Luís Paulo se deixou cair numa poltrona, desencorajado:
- Perdoe... Mas lamento que as coisas sejam assim - murmurou. - Desejaria que nunca nos tivéssemos encontrado, condessinha Denise! Seria muito melhor para nós...
- Por que fala dessa maneira, Luís Paulo?
- Por quê? É penoso explicar e receio que depois disso você me odeie, Denise, em vez de amar... O que quero dizer é isto: eu, embora não possa dizer que você me desagrade, não estou em condições de retribuir o seu amor... Meu coração pertence a uma outra jovem, a quem amo com verdadeira paixão.
O rapaz não suspeitava que, falando com sinceridade à Denise e expondo-lhe seu gravíssimo problema de consciência, iria provocar o seu ódio. Se, pudesse ler, naquele instante, os pensamentos que fervilhavam na mente daquela criatura perversa, arrepender-se-ia do seu modo de agir! No entanto, Denise, com os olhos fixos nele, parecia refletir intensamente.
- Posso saber - disse de súbito - porque, se não me ama, prometeu casar-se comigo, diante de seu pai moribundo?
- Por um simples motivo, que lhe direi agora mesmo: meu pai estava a morrer e aquele era o único meio de que deixasse este mundo com o coração em paz! Você, no meu lugar, teria negado esse consolo a um pobre velho?
Para surpresa do moço, Denise deixou escapar uma risada sarcástica, que fazia tremendo contraste com a atmosfera que reinava na casa.
- Que nobre coração tem você, Luís Paulo! É uma criatura cheia de delicadeza e de atenções! Não quis dar um desgosto a um moribundo, mas não se importa de maltratar o coração de uma mulher que o ama!

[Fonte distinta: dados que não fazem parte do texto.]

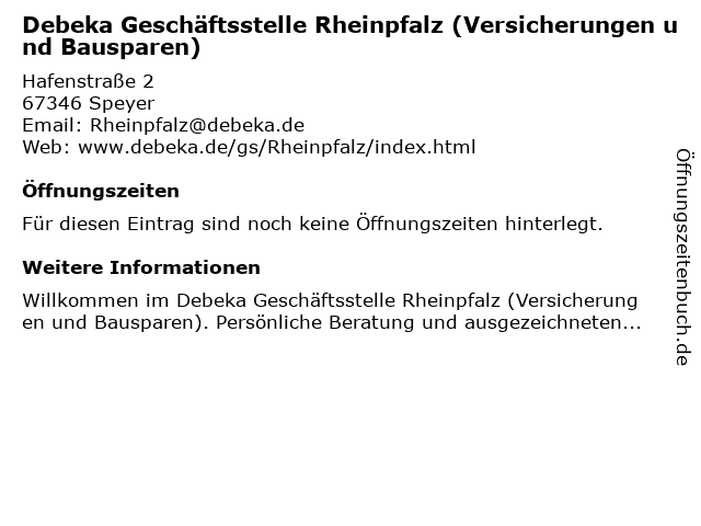 | Öffnungszeiten Debeka Geschäftsstelle Rheinpfalz (Versicherungen und Bausparen) in Speyer anzeigen | |
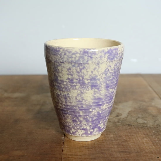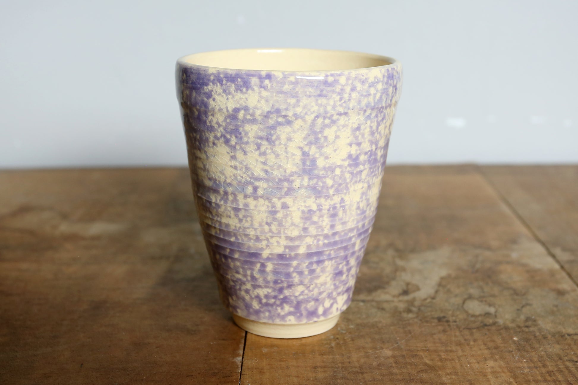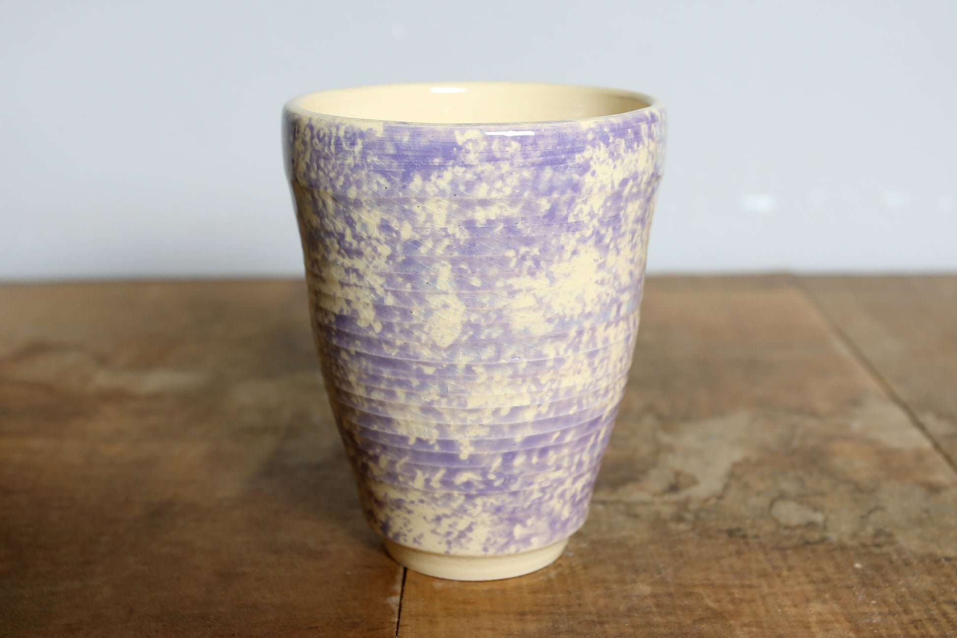 This purple cup was hand thrown on our potter’s wheel; then trimmed with joy. After a bisque firing, it was then brushed with a white glaze, and a purple glaze was applied with a sponging technique on the outside. A clear glaze was applied over the whole piece and it was fired in a kiln for a second time.
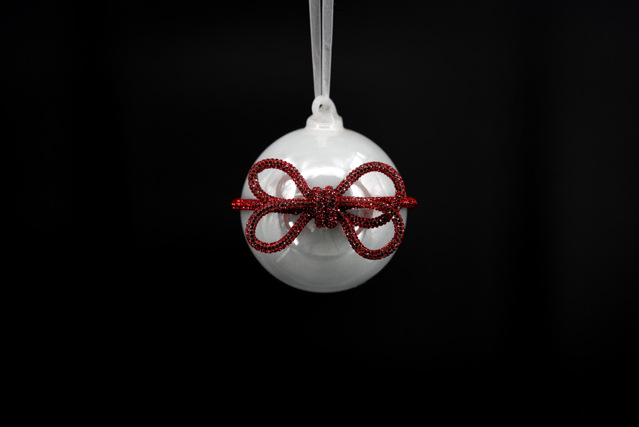 Finish: Glossy opaline white with red jeweled bow
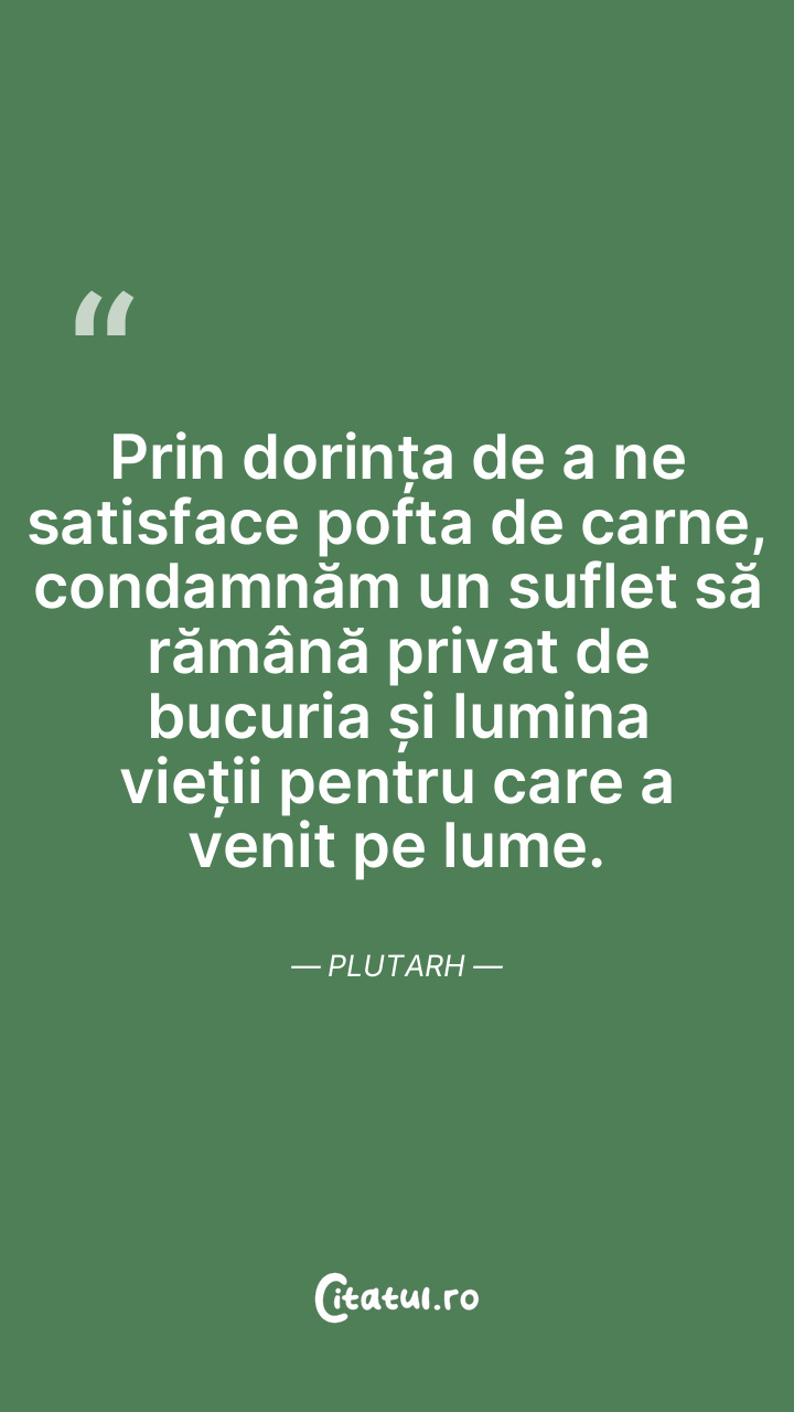 Prin dorința de a ne satisface pofta de carne, condamnăm un suflet să rămână privat de bucuria și lumina vieții pentru care a venit pe lume. Plutarh

Francamente, não podia supor que sua consciência fosse assim tão elástica...
Ante aquelas palavras injustas, pronunciadas com marcada acritude, Luís Paulo compreendeu que se enganara, supondo que naquela criatura tão bela pudesse existir um pouco de raciocínio e de humana compreensão.
Parecia-lhe ter caído numa armadilha e de que dela não conseguiria sair, mesmo fazendo os maiores esforços.
- Condessinha - insistiu ainda Luís Paulo. - procure raciocinar! Acredito... Acredito que não está formulando um juízo sensato, desapaixonado, sobre a situação em que me encontro. Será possível que não perceba o que significa um casamento sem amor?
- Unicamente da sua parte, Luís Paulo de Rastignac!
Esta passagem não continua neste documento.